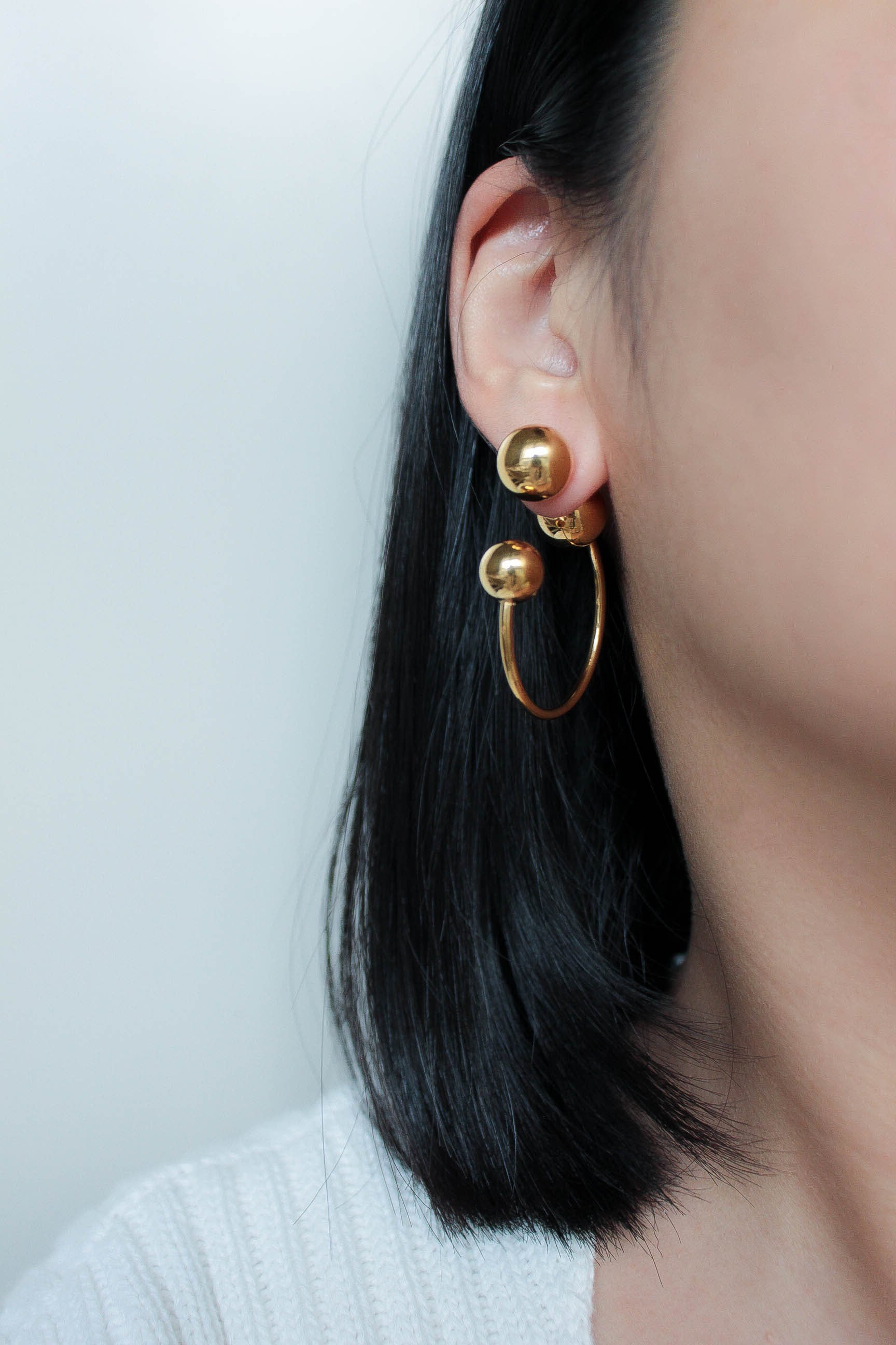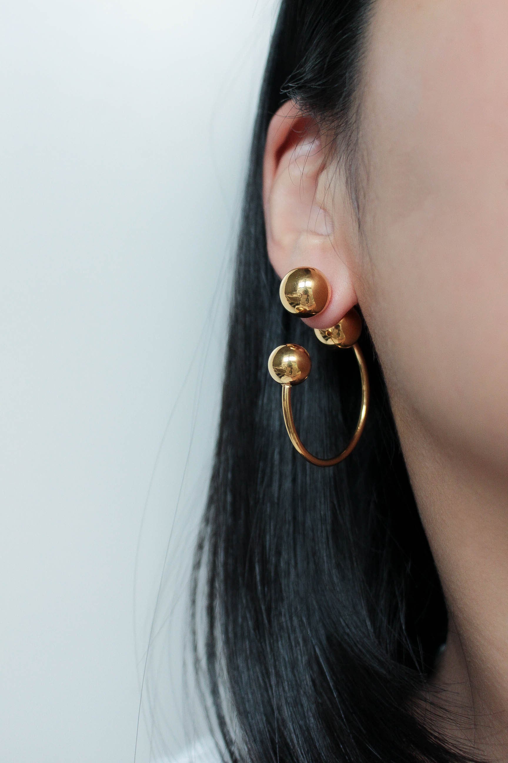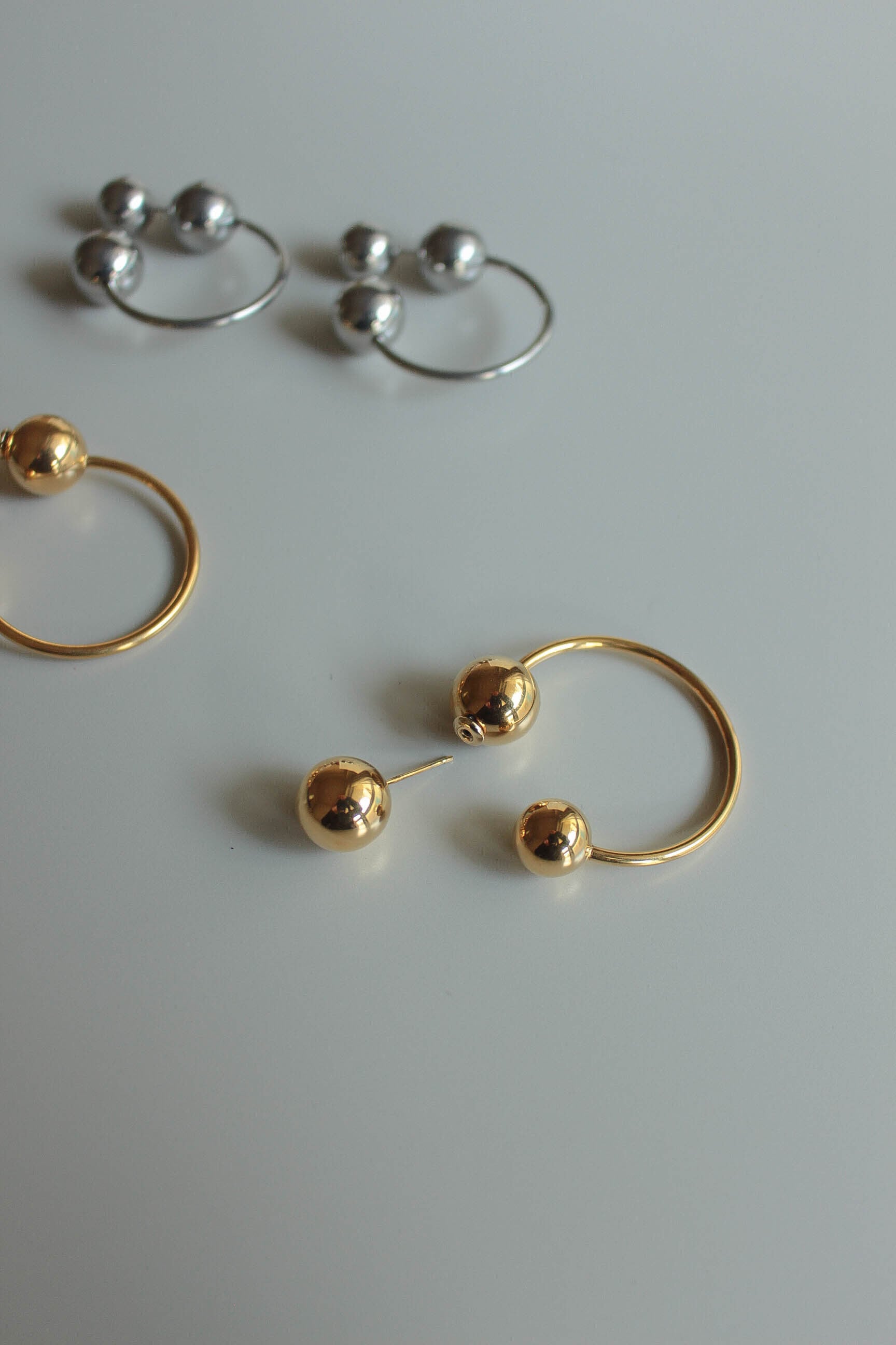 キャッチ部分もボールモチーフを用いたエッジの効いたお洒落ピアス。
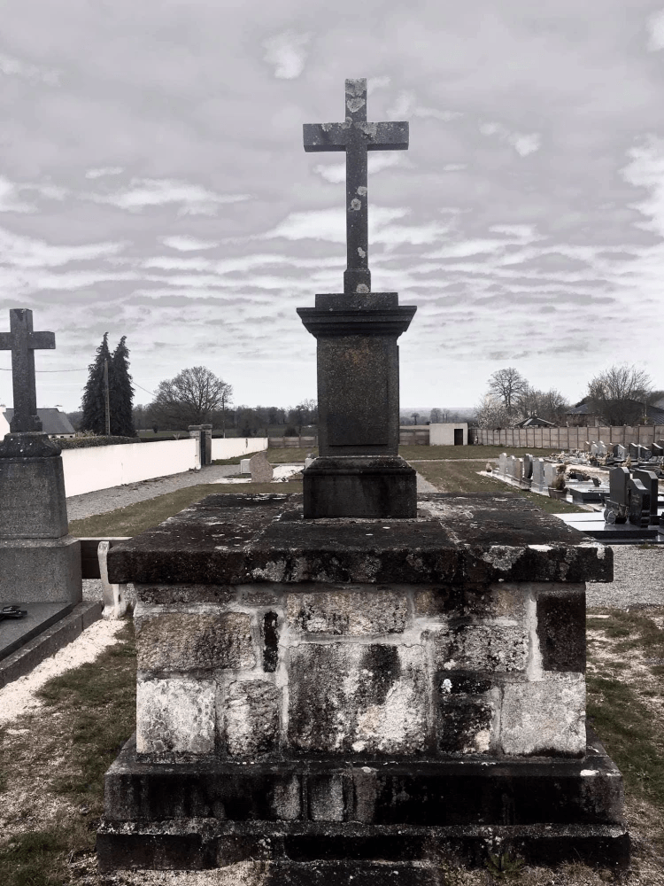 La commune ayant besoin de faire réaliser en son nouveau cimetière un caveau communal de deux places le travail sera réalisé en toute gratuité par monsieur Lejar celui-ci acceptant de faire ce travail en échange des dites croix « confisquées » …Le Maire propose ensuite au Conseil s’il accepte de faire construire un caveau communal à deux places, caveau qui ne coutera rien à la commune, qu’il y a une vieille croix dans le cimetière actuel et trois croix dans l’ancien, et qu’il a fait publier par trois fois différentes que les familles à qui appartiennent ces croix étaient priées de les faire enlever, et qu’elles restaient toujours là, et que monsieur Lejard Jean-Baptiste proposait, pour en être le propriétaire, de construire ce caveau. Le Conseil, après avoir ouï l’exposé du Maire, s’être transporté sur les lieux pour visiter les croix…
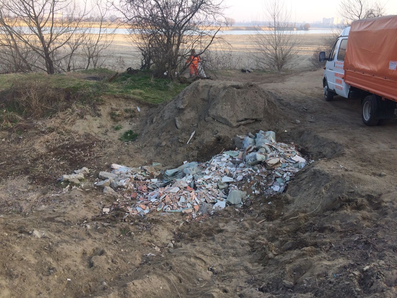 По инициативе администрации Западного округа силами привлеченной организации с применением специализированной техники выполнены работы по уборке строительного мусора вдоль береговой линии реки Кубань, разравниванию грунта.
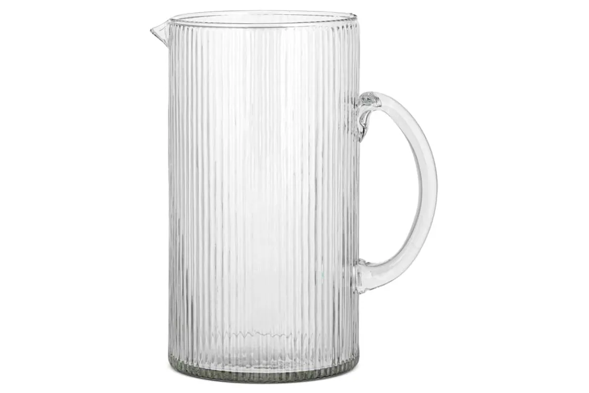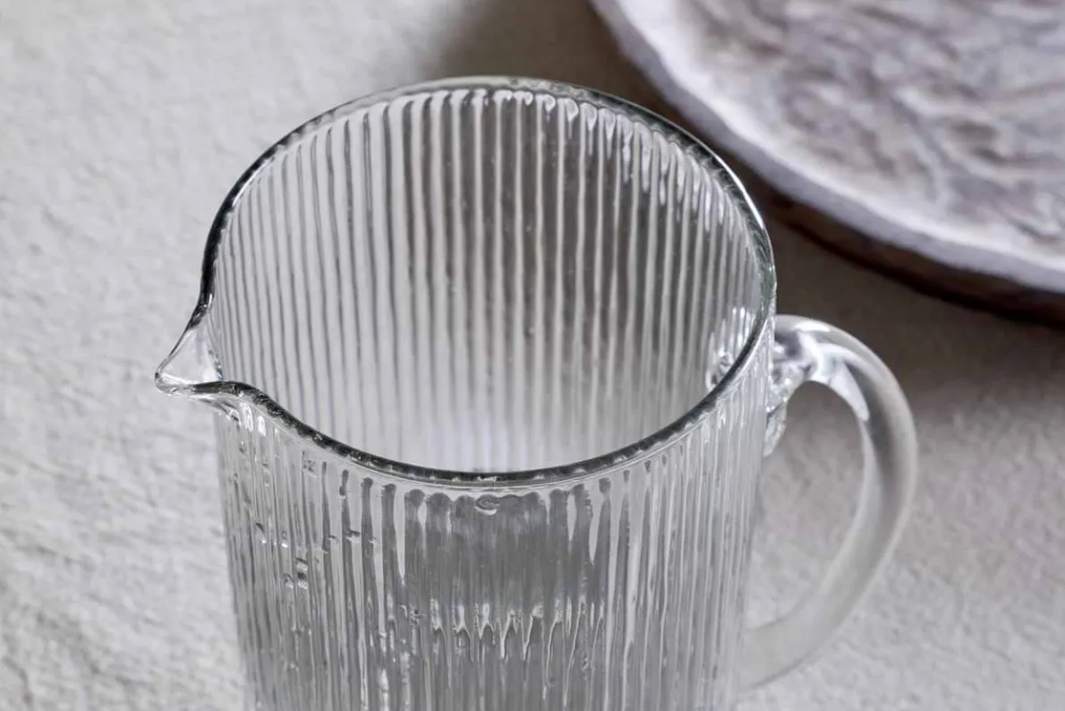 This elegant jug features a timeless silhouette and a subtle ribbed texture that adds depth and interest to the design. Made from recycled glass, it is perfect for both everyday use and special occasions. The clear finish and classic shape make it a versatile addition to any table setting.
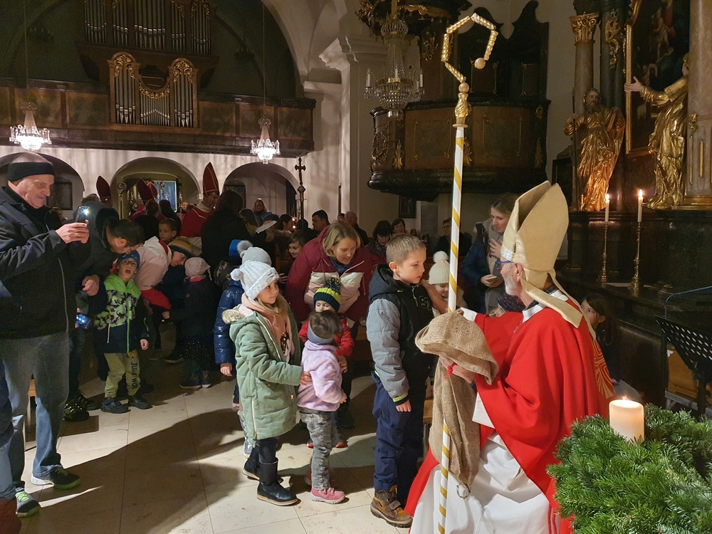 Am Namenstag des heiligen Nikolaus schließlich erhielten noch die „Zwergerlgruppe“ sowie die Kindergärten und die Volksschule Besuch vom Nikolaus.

• [ACTIVITY] Retype the records in full. Do not carry over the images.

• [ANSWER FOR THIS EXERCISE]
 キャッチ部分もボールモチーフを用いたエッジの効いたお洒落ピアス。
 La commune ayant besoin de faire réaliser en son nouveau cimetière un caveau communal de deux places le travail sera réalisé en toute gratuité par monsieur Lejar celui-ci acceptant de faire ce travail en échange des dites croix « confisquées » …Le Maire propose ensuite au Conseil s’il accepte de faire construire un caveau communal à deux places, caveau qui ne coutera rien à la commune, qu’il y a une vieille croix dans le cimetière actuel et trois croix dans l’ancien, et qu’il a fait publier par trois fois différentes que les familles à qui appartiennent ces croix étaient priées de les faire enlever, et qu’elles restaient toujours là, et que monsieur Lejard Jean-Baptiste proposait, pour en être le propriétaire, de construire ce caveau. Le Conseil, après avoir ouï l’exposé du Maire, s’être transporté sur les lieux pour visiter les croix…
 По инициативе администрации Западного округа силами привлеченной организации с применением специализированной техники выполнены работы по уборке строительного мусора вдоль береговой линии реки Кубань, разравниванию грунта.
 This elegant jug features a timeless silhouette and a subtle ribbed texture that adds depth and interest to the design. Made from recycled glass, it is perfect for both everyday use and special occasions. The clear finish and classic shape make it a versatile addition to any table setting.
 Am Namenstag des heiligen Nikolaus schließlich erhielten noch die „Zwergerlgruppe“ sowie die Kindergärten und die Volksschule Besuch vom Nikolaus.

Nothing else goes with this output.